● **Data section**
☆ ☆ ☆ ☆ ☆ ☆ ☆

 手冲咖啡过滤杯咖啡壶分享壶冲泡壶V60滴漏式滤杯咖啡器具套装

☆ ☆ ☆ ☆ ☆ ☆ ☆

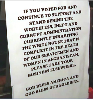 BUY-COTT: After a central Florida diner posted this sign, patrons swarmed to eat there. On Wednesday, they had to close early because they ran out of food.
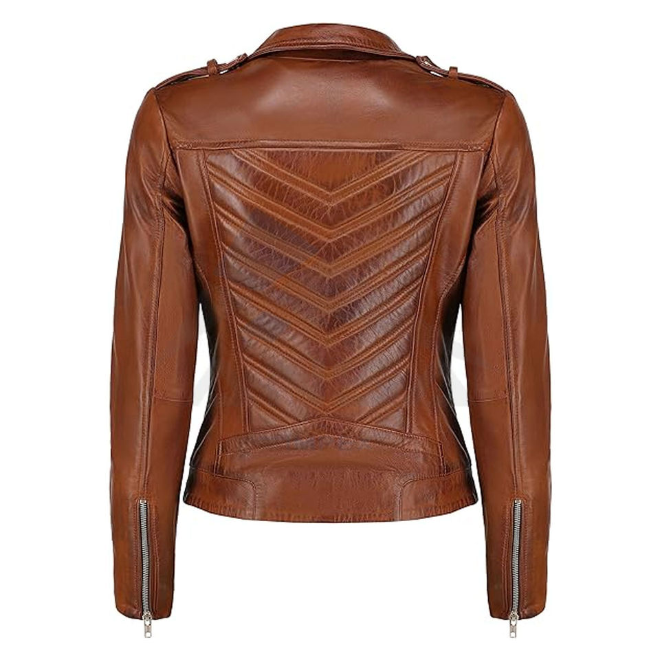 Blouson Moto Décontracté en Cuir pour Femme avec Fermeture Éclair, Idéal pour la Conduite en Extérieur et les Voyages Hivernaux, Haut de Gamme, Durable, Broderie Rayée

☆ ☆ ☆ ☆ ☆ ☆ ☆

● **Assignment**
Repeat, word for word, the lines of the material above from the one holding "BUY-COTT: After a" through the one holding "Blouson Moto Décontracté". Leave out pictures.

● **Written solution**
 BUY-COTT: After a central Florida diner posted this sign, patrons swarmed to eat there. On Wednesday, they had to close early because they ran out of food.
 Blouson Moto Décontracté en Cuir pour Femme avec Fermeture Éclair, Idéal pour la Conduite en Extérieur et les Voyages Hivernaux, Haut de Gamme, Durable, Broderie Rayée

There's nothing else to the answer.